On September 26, 2002, the House of Representatives passed the Department of Justice Authorization Bill. The House Bill proposes to make a number of changes for certain EB-5 immigrant investors. Some of the more significant changes include:
-New procedures for immigrant investors attempting to have the condition on their permanent residency removed. The proposed procedures would apply to immigrant investors who filed an EB-5 petition and had it approved between January 1, 1995, and August 31, 1998, and timely filed a petition to remove the condition from their permanent status. Further, immigrant investors will have the opportunity to request that an immigration judge review the Service’s decision to terminate their permanent resident status.
-New procedures for immigrant investors who have been denied conditional permanent residence based on a determination that they did not satisfy the capital investment requirement. Immigrant investors meeting the guidelines will have their petitions reopened. These provisions will only apply to immigrant investors who filed an EB-5 petition and had it approved between January 1, 1995, and August 31, 1998.

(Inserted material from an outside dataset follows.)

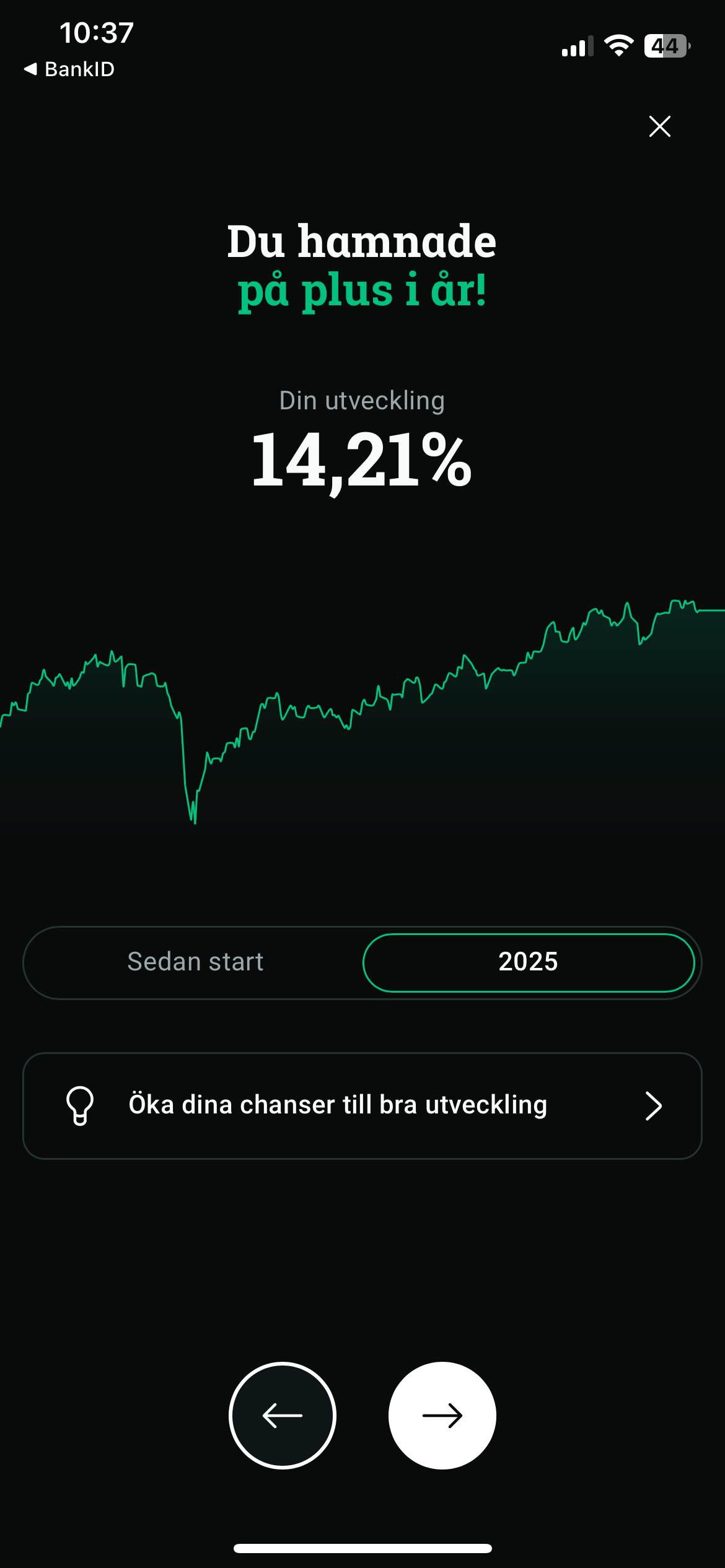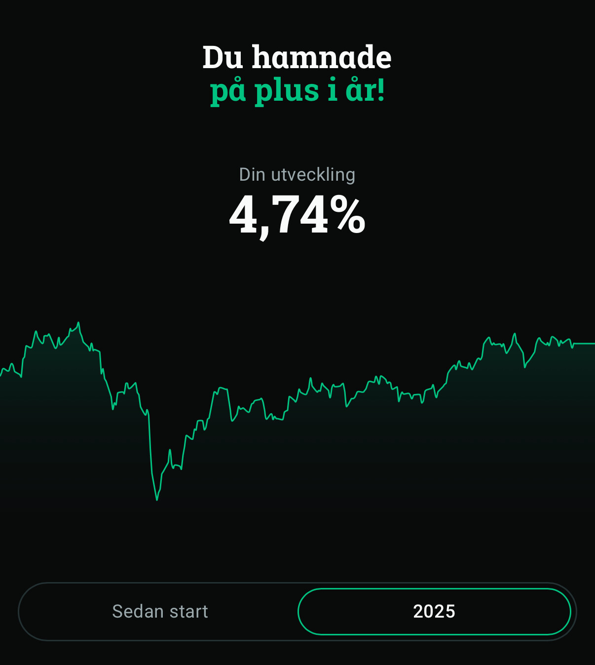 I USD ligger jag ca 18% plus.

-A definition of full-time employment for immigrant investors is added to section 203(b)(5) of the Immigration and Nationality Act as being at least 35 hours of service per week.
-The “establishment” requirement for immigrant investors would be eliminated and replaced with the requirement that the immigrant investor must illustrate that s/he has an investment in a commercial enterprise. Additionally, what constitutes a commercial enterprise will be clearly defined to also include a limited partnership.
-The description and purpose (goals, production) of an EB-5 regional center are more clearly described within section 610(a) of the Department of Commerce, Justice, and State, the Judiciary, and the Related Agencies Appropriations Act, 1993.